[Collected data]
######

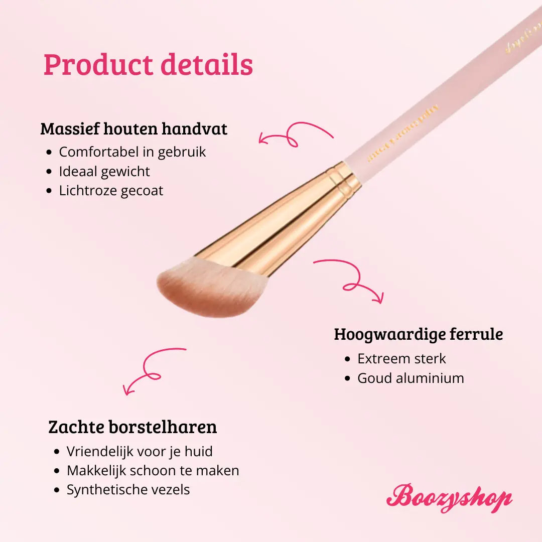 De Boozyshop Soft Pink & Gold Angled Contour & Bronzer Brush is dé ultieme make-up kwast voor het gelijkmatig aanbrengen en blenden van jouw contour en bronzer. Poederproducten breng jij moeiteloos aan met deze kwast. De schuin afgesneden haren volgen gemakkelijk de contouren van je gezicht, waardoor jij die mooie chiseled look kunt creëren.
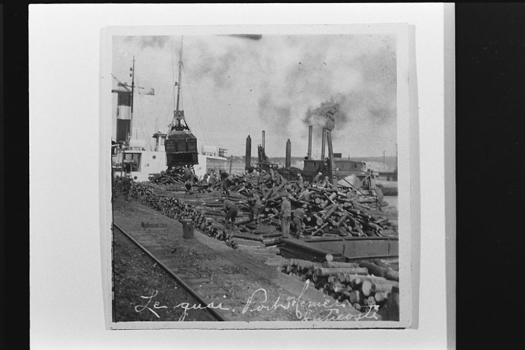 Chargement du bois au quai de Port-Menier, Négatif reproduit en 1983(original créé vers 1928), Archives nationales à Sept-Îles, Fonds Société historique de Havre-Saint-Pierre inc, (09N,P19,S1,SS1,P665), Société historique de Havre Saint-Pierre.
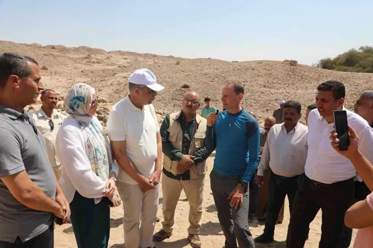 وتفقد المحافظ أعمال البعثة الأجنبية المشتركة من ألمانيا وبلجيكا وهولندا وإيطاليا بمنطقة زاوية سلطان، واستمع لشرح تفصيلي من أعضاء البعثة حول طبيعة العمل الميداني وطرق التنقيب والإجراءات المتبعة عند العثور على القطع الأثرية، وكيفية تسجيلها وحفظها وفق المعايير العالمية.
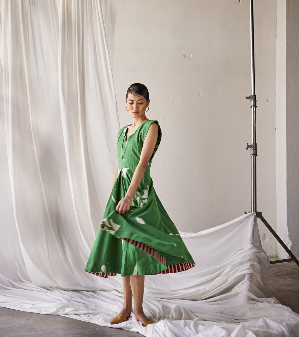 A forest green terracota print mul dress with a V neckline, side zip and inverted pleat detailing at the front and back. Comes with a red and white striped facing at the inner hemline.
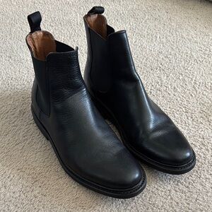 Classic Chelsea boot silhouette. Smooth black leather upper with elastic side panels. Pull tabs for easy on and off. Stitched welt and rubber sole. Sleek, versatile style for daily wear.
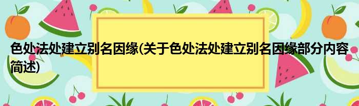 大家好,今天小方来说说一篇关于色处法处建立别名因缘,关于色处法处建立别名因缘部分内容简述的文章,那么现在就为大家来简单介绍下,希望对各位小伙伴们有所帮助。
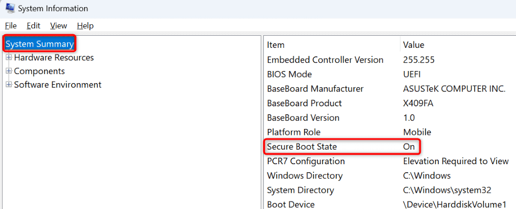If Secure Boot State’s value says Off, turn on the feature from your PC’s BIOS menu as follows:
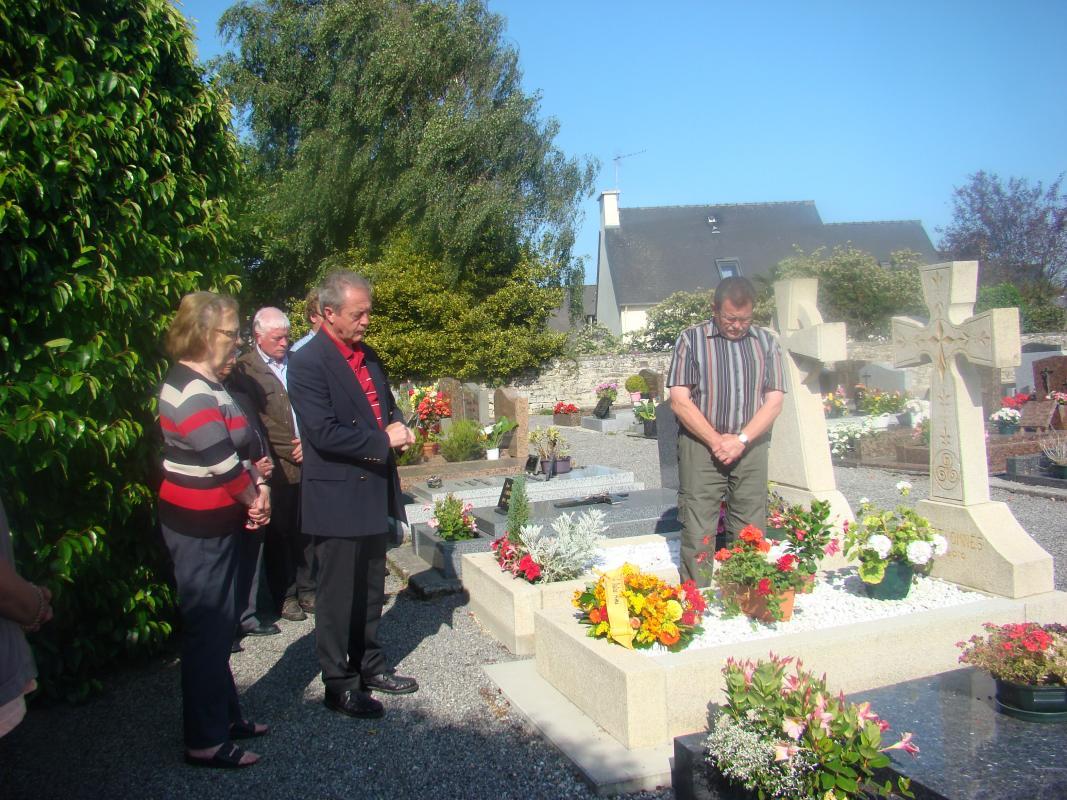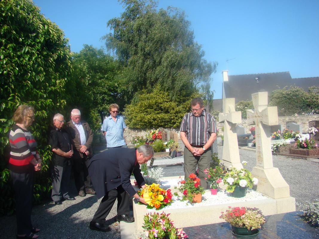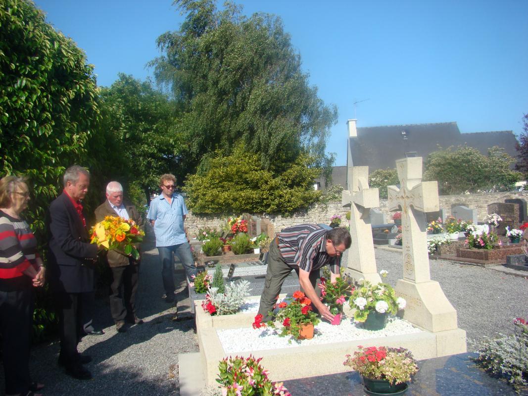 - Dominique Le Roux, président du comité de Jumelage de Plomelin pose un plant sur la tombe de Robert Omnès
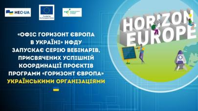 Анонс. Серія вебінарів, присвячених успішній координації проєктів Програми «Горизонт Європа» українськими організаціями, від «Офіс Горизонт Європа в Україні» НФДУ.
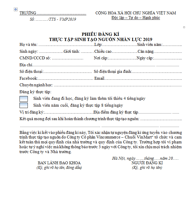 Mẫu đăng ký:
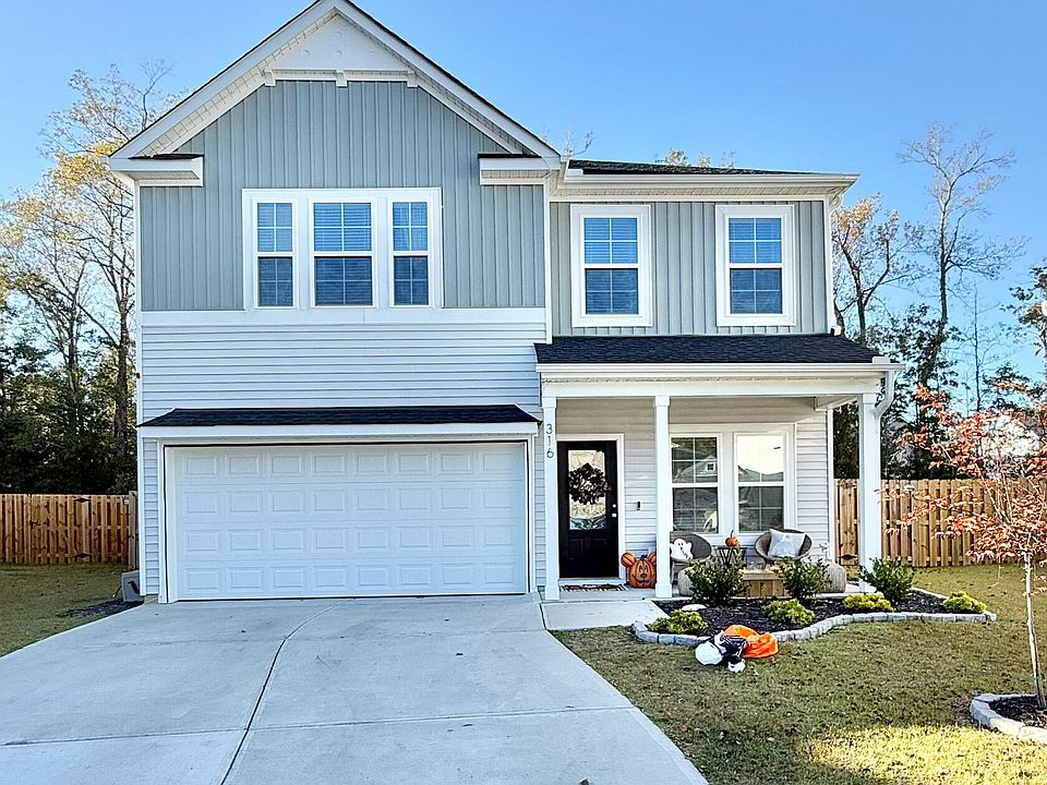 Welcome to 316 Cherry Grove Court - Your Ideal Castle Hayne Retreat tucked away in a quiet cul-de-sac in the desirable Parsons Mill Farm community, this beautiful Guilford plan offers the perfect balance of modern design, comfort, and convenience. The entryway of this four-bedroom, two-and-a-half-bathroom home opens onto a versatile flex space, ideal for a home office, playroom, or sitting area. Just beyond, the open-concept kitchen flows seamlessly into the family room, complete with an upgraded gas fireplace, making it the perfect spot for gatherings. The kitchen also features shaker-style cabinetry, a walk-in pantry, and durable LVP flooring throughout the main living areas. Step outside from the family room to enjoy a covered back porch and an upgraded outdoor patio, perfect for grilling or relaxing in the evenings. Upstairs, convenience continues with a laundry room and a full bathroom located near the three secondary bedrooms. The primary suite boasts a vaulted ceiling, a spacious walk-in closet, a linen closet, and a well-appointed en suite bathroom for added privacy and comfort. This home also features an upgraded elevation, enhancing its curb appeal and modern look. Residents of Parsons Mill Farm enjoy access to fantastic neighborhood amenities, including a community pool, sidewalks, and a friendly atmosphere, all just minutes from Wilmington's shopping, dining, and coastal attractions. Don't miss this move-in ready home in one of Castle Hayne's most sought-out communities!
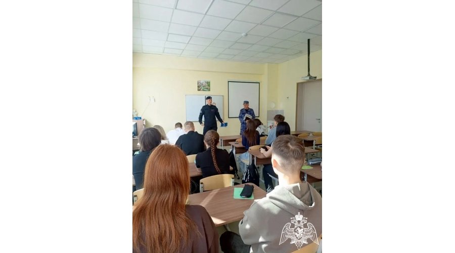 В рамках празднования 10-летия Росгвардии и 215-летия со дня основания войск правопорядка, офицер Управления Росгвардии по Ивановской области встретился с учащимися школы №6 города Приволжск.
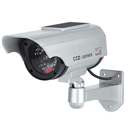 TOROTON Telecamere Fittizie di Sorveglianza da Esterno/Interno Energia Solare Videocamera Antifurto con LED Lampeggiante CCTV d'Imitazione, 1 Pezzi Argento
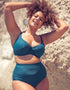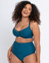The First Class high waist bikini brief from Curvy Kate brings the retro vibes with its higher rise shape to hug your curves, giving an hourglass silhouette. This beautiful deep teal colour complements any skin tone, with a criss-cross trim at the waistline to add interest. Made using 41% recycled fibres, plus Xtra-Life Lycra for a longer lasting life.
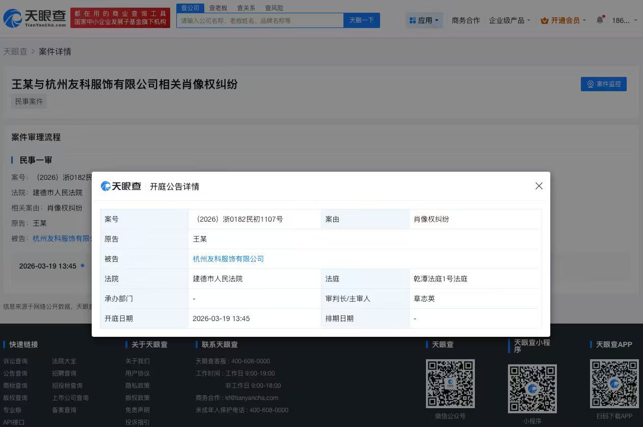 王鹤棣王鹤棣起诉服饰公司侵权王鹤棣肖像维权案件下周开庭天眼查App显示,王鹤棣与杭州友科服饰有限公司肖像权纠纷案新增开庭公告,原告为王鹤棣,该案将于3月19日在建德市人民法院开庭审理。
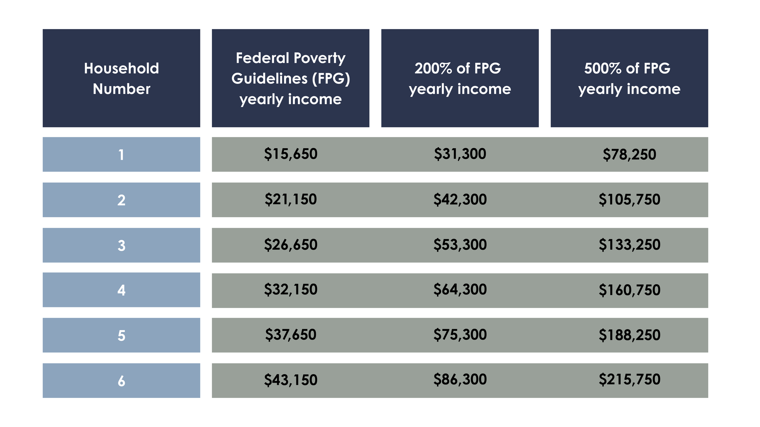 Children who are members of a household whose total annual income is at or below 200% of the Federal Poverty Level.
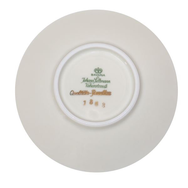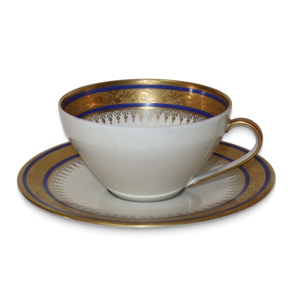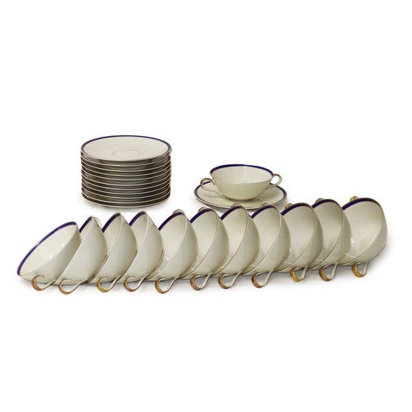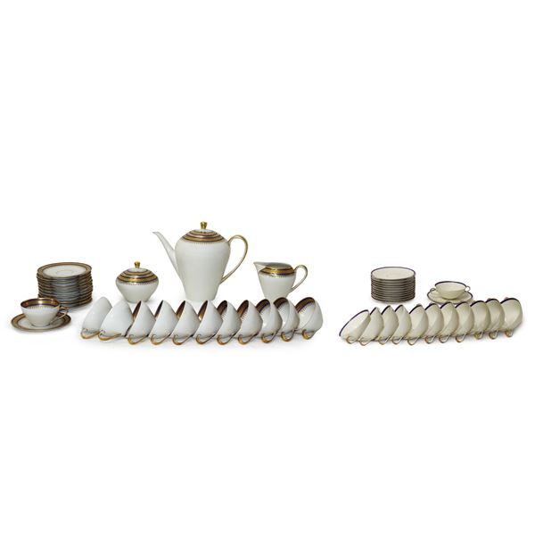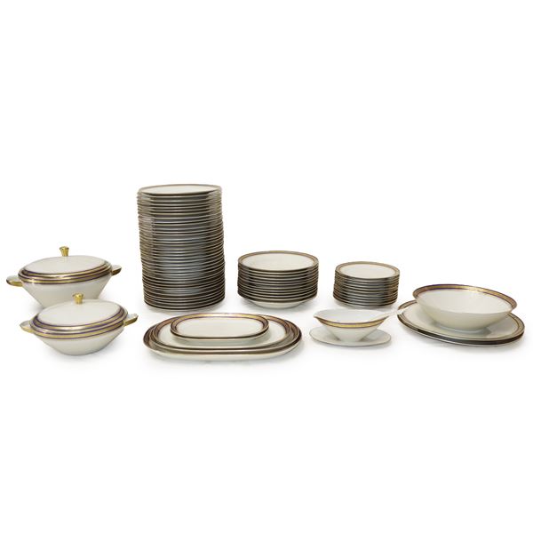 Composto da 24 piatti tondi piani, 12 piatti da primo, 3 vassoi ovali, 2 piatti tondi, 12 piattini per tazzine, 12 tazzine da caffe', 2 piatti tondi grandi, 1 zuppiera grande, 1 zuppiera piccola, 2 piatti piccoli ovali, 1 teiera con piatto, 1 lattiera, 1 zuccheriera, 1 salsiera e 1 insalatiera, 11 piattini piccoli da dolce, 12 tazze da brodo, 12 piattini. Minima filatura su un piatto fondo.
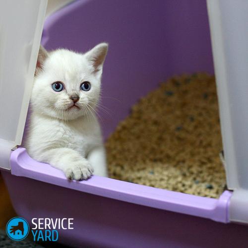 - Ponga suavemente el gatito en la bandeja, tome su pie y levante cuidadosamente el relleno, la naturaleza debería hacerse cargo, y el bebé mismo comprenderá lo que se requiere de él.
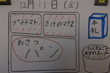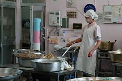 給食調理員が、たくさんの鮭の切り身を揚げています。
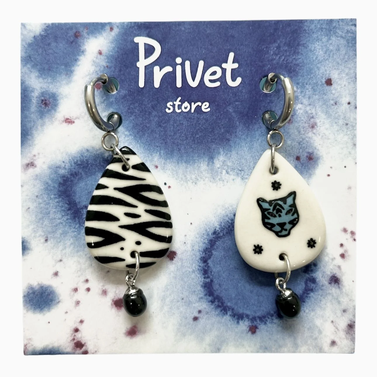 Керамические серьги висячие «Принт зебра и синий тигр» ручной работы. Производитель - московский бренд «Privet Store».
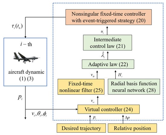This section is devoted to developing an event-triggered fixed-time formation tracking control machine for the purpose of guaranteeing fixed-time formation tracking under modeling uncertainties and external disturbances. The proposed control frame-work is shown in Figure 2.
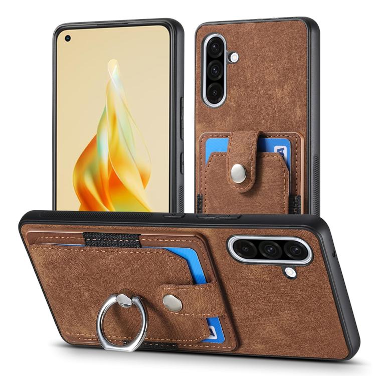 Funda para Teléfono Samsung Galaxy A36 con Tarjetero y Anillo Tacto de Piel (Marrón)
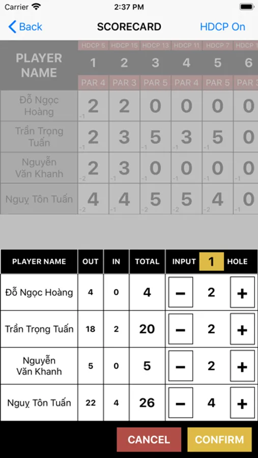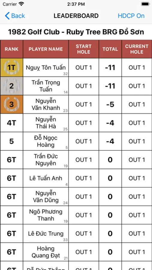 - Real time progress of all teams playing in the same golf course
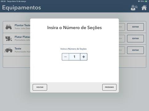 Veja como cadastrar uma pulverizadora no aplicativo FieldView™ Cab - iOS.
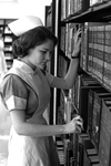 Miss Alita Rose, president of one of the two classes of student nurses at John Peter Smith Hospital School of Nursing, locates a book in the library and prepares to spend a couple of hours in quiet study.
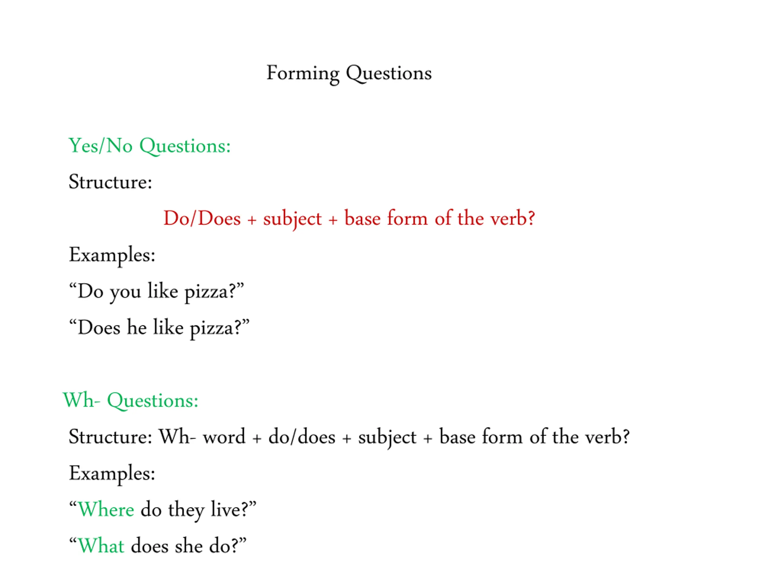 Forming Questions Yes/No Questions: Structure: Do/Does + subject + base form of the verb? Examples: Do you like pizza? Does he like pizza? Wh- Questions: Structure: Wh- word + do/does + subject + base form of the verb? Examples: Where do they live? What does she do?

######

Could you print all of the entries exactly, skipping the images?

## WRITTEN RESPONSE
 De Boozyshop Soft Pink & Gold Angled Contour & Bronzer Brush is dé ultieme make-up kwast voor het gelijkmatig aanbrengen en blenden van jouw contour en bronzer. Poederproducten breng jij moeiteloos aan met deze kwast. De schuin afgesneden haren volgen gemakkelijk de contouren van je gezicht, waardoor jij die mooie chiseled look kunt creëren.
 Chargement du bois au quai de Port-Menier, Négatif reproduit en 1983(original créé vers 1928), Archives nationales à Sept-Îles, Fonds Société historique de Havre-Saint-Pierre inc, (09N,P19,S1,SS1,P665), Société historique de Havre Saint-Pierre.
 وتفقد المحافظ أعمال البعثة الأجنبية المشتركة من ألمانيا وبلجيكا وهولندا وإيطاليا بمنطقة زاوية سلطان، واستمع لشرح تفصيلي من أعضاء البعثة حول طبيعة العمل الميداني وطرق التنقيب والإجراءات المتبعة عند العثور على القطع الأثرية، وكيفية تسجيلها وحفظها وفق المعايير العالمية.
 A forest green terracota print mul dress with a V neckline, side zip and inverted pleat detailing at the front and back. Comes with a red and white striped facing at the inner hemline.
 Classic Chelsea boot silhouette. Smooth black leather upper with elastic side panels. Pull tabs for easy on and off. Stitched welt and rubber sole. Sleek, versatile style for daily wear.
 大家好,今天小方来说说一篇关于色处法处建立别名因缘,关于色处法处建立别名因缘部分内容简述的文章,那么现在就为大家来简单介绍下,希望对各位小伙伴们有所帮助。
If Secure Boot State’s value says Off, turn on the feature from your PC’s BIOS menu as follows:
 - Dominique Le Roux, président du comité de Jumelage de Plomelin pose un plant sur la tombe de Robert Omnès
 Анонс. Серія вебінарів, присвячених успішній координації проєктів Програми «Горизонт Європа» українськими організаціями, від «Офіс Горизонт Європа в Україні» НФДУ.
 Mẫu đăng ký:
 Welcome to 316 Cherry Grove Court - Your Ideal Castle Hayne Retreat tucked away in a quiet cul-de-sac in the desirable Parsons Mill Farm community, this beautiful Guilford plan offers the perfect balance of modern design, comfort, and convenience. The entryway of this four-bedroom, two-and-a-half-bathroom home opens onto a versatile flex space, ideal for a home office, playroom, or sitting area. Just beyond, the open-concept kitchen flows seamlessly into the family room, complete with an upgraded gas fireplace, making it the perfect spot for gatherings. The kitchen also features shaker-style cabinetry, a walk-in pantry, and durable LVP flooring throughout the main living areas. Step outside from the family room to enjoy a covered back porch and an upgraded outdoor patio, perfect for grilling or relaxing in the evenings. Upstairs, convenience continues with a laundry room and a full bathroom located near the three secondary bedrooms. The primary suite boasts a vaulted ceiling, a spacious walk-in closet, a linen closet, and a well-appointed en suite bathroom for added privacy and comfort. This home also features an upgraded elevation, enhancing its curb appeal and modern look. Residents of Parsons Mill Farm enjoy access to fantastic neighborhood amenities, including a community pool, sidewalks, and a friendly atmosphere, all just minutes from Wilmington's shopping, dining, and coastal attractions. Don't miss this move-in ready home in one of Castle Hayne's most sought-out communities!
 В рамках празднования 10-летия Росгвардии и 215-летия со дня основания войск правопорядка, офицер Управления Росгвардии по Ивановской области встретился с учащимися школы №6 города Приволжск.
 TOROTON Telecamere Fittizie di Sorveglianza da Esterno/Interno Energia Solare Videocamera Antifurto con LED Lampeggiante CCTV d'Imitazione, 1 Pezzi Argento
The First Class high waist bikini brief from Curvy Kate brings the retro vibes with its higher rise shape to hug your curves, giving an hourglass silhouette. This beautiful deep teal colour complements any skin tone, with a criss-cross trim at the waistline to add interest. Made using 41% recycled fibres, plus Xtra-Life Lycra for a longer lasting life.
 王鹤棣王鹤棣起诉服饰公司侵权王鹤棣肖像维权案件下周开庭天眼查App显示,王鹤棣与杭州友科服饰有限公司肖像权纠纷案新增开庭公告,原告为王鹤棣,该案将于3月19日在建德市人民法院开庭审理。
 Children who are members of a household whose total annual income is at or below 200% of the Federal Poverty Level.
 Composto da 24 piatti tondi piani, 12 piatti da primo, 3 vassoi ovali, 2 piatti tondi, 12 piattini per tazzine, 12 tazzine da caffe', 2 piatti tondi grandi, 1 zuppiera grande, 1 zuppiera piccola, 2 piatti piccoli ovali, 1 teiera con piatto, 1 lattiera, 1 zuccheriera, 1 salsiera e 1 insalatiera, 11 piattini piccoli da dolce, 12 tazze da brodo, 12 piattini. Minima filatura su un piatto fondo.
 - Ponga suavemente el gatito en la bandeja, tome su pie y levante cuidadosamente el relleno, la naturaleza debería hacerse cargo, y el bebé mismo comprenderá lo que se requiere de él.
 給食調理員が、たくさんの鮭の切り身を揚げています。
 Керамические серьги висячие «Принт зебра и синий тигр» ручной работы. Производитель - московский бренд «Privet Store».
This section is devoted to developing an event-triggered fixed-time formation tracking control machine for the purpose of guaranteeing fixed-time formation tracking under modeling uncertainties and external disturbances. The proposed control frame-work is shown in Figure 2.
 Funda para Teléfono Samsung Galaxy A36 con Tarjetero y Anillo Tacto de Piel (Marrón)
 - Real time progress of all teams playing in the same golf course
 Veja como cadastrar uma pulverizadora no aplicativo FieldView™ Cab - iOS.
 Miss Alita Rose, president of one of the two classes of student nurses at John Peter Smith Hospital School of Nursing, locates a book in the library and prepares to spend a couple of hours in quiet study.
 Forming Questions Yes/No Questions: Structure: Do/Does + subject + base form of the verb? Examples: Do you like pizza? Does he like pizza? Wh- Questions: Structure: Wh- word + do/does + subject + base form of the verb? Examples: Where do they live? What does she do?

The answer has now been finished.